Quand vous voyez… "recherche un chef des ventes, deux attachés commerciaux, un superviseur de réservation, des agents de vente, un comptable" il faut lire "suite au départ théâtral de la moitié de l’effectif (sans préavis et en claquant la porte)
Quand vous voyez… "excellente présentation", il faut lire "on cherche une potiche"
Quand vous voyez… "autonomie, bonne capacité d’organisation", il faut lire "capable de s’adapter à une boite sans méthode ni procédure ; il faudra que tu te débrouilles tout(e) seul(e)"
Quand vous voyez… "résistance au stress", il faut lire "tu dois être drogué(e) bourré(e) de tranquillisants pour ne pas devenir fou/folle"
Quand vous voyez… "vous aimez vendre au téléphone", il faut lire "ton brushing sera écrasé par un casque de 2 kilos"
Quand vous voyez… "salaire motivant", il faut lire "tu seras payé au SMIC et il faudra te défoncer pour avoir une prime de 60 € (bruts…)"
Quand vous voyez… "salaire très motivant", il faut lire "tu seras peut-être payé uniquement à la commission"
Quand vous voyez… "poste à pourvoir immédiatement", il faut lire "le staff qu’on n’a pas licencié est au bord de la crise de nerfs et menace de tout casser si on ne lui apporte pas du renfort"
Quand vous voyez… "opérationnel tout de suite", il faut lire "on n’aura pas le temps de te former à quoi que ce soit, ne rêve pas. Tu arrives dans l’entreprise et tu fonces. Tu apprendras sur le tas"

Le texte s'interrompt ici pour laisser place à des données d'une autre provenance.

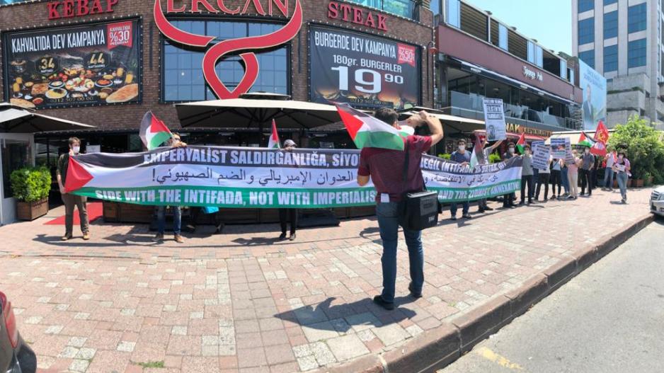 Emperyalizme ve Siyonizme karşı Filistin Dostları platformu İsrail’in ABD’nin desteği ile Batı Şeria’da Siyonist yerleşimlerden başlayarak bölgenin yüzde 30’una ulaşan bir alanı ilhak etme planını İstanbul Levent’te bulunan sözde İsrail konsolosluğu önünde protesto etti. Tüm dünyada ilan edilen öfke günü kapsamında yapılan eylemde Filistin dostları Türkçe Arapça ve İngilizce “Emperyalist saldırganlığa ve Siyonist ilhaka değil İntifada’ya ortak ol!” yazan uzun bir pankartla birlikte Levent metro çıkışından konsolosluk binasına kadar sloganlarla yürüdüler. Emperyalizme ve Siyonizme karşı mücadeleye her zaman önem ve öncelik veren Devrimci İşçi Partisi de eylemde bayrağı ve dövizleriyle yer aldı.
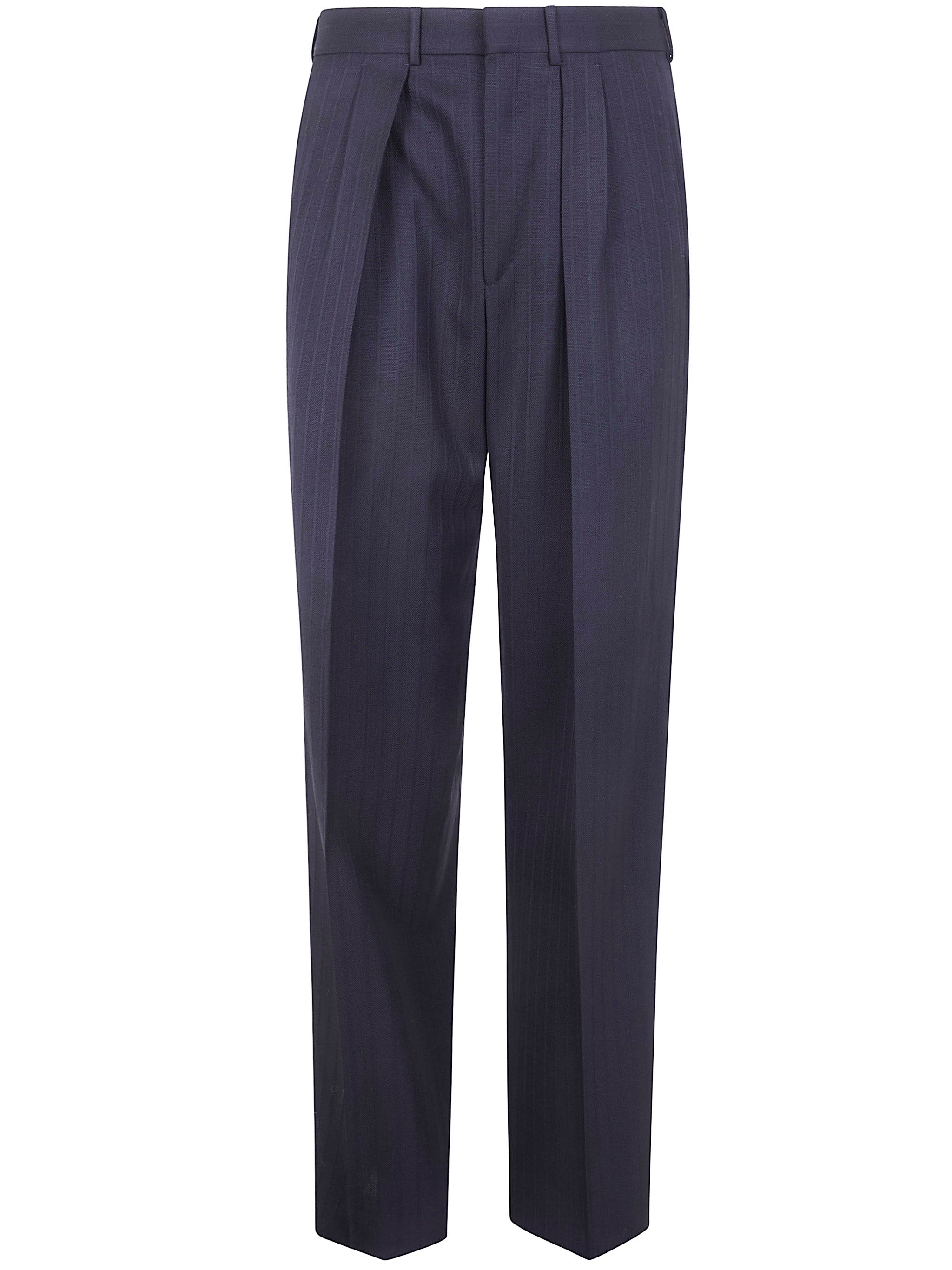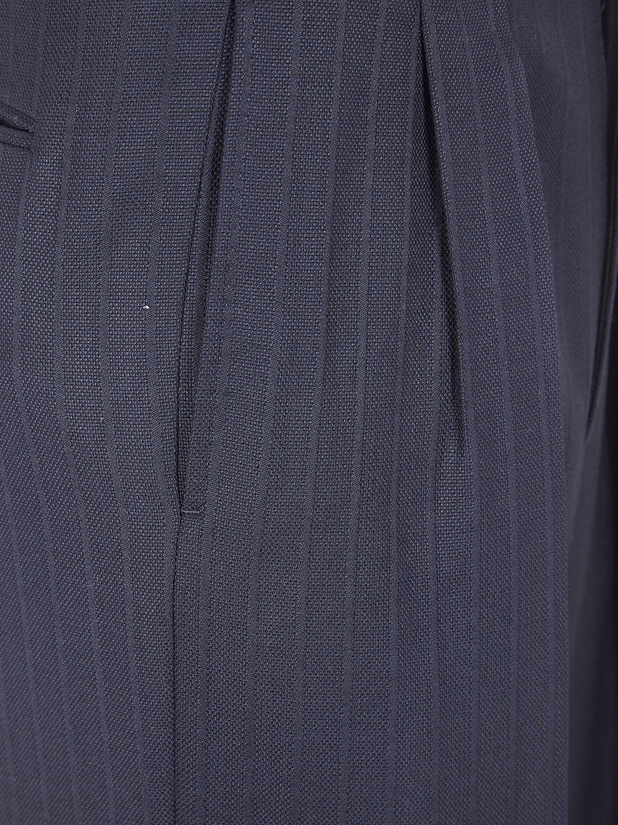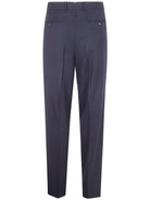 The double pleat construction provides a comfortable, relaxed fit while maintaining a polished appearance perfect for the office or special occasions. The rich navy tone and luxurious fabric make these pants a versatile foundation piece that pairs beautifully with blazers, dress shirts, and fine knitwear.

Quand vous voyez… "envoyer lettre manuscrite", il faut se demander "à la plume d’oie ? Mets-toi à la page, employeur : on a inventé le clavier"
Voilà... ma life en ce moment : gérer l’activité de l’agence (certes, un peu faible…) avec une vendeuse en moins au comptoir, assurer la formation d’une petite débutante, coacher un chômeur, tout en sachant que je n’aurai pas une journée de vacances avant le retour de Coralie, en février.
Franchement, au risque de me répéter, « on fait pas des métiers faciles ».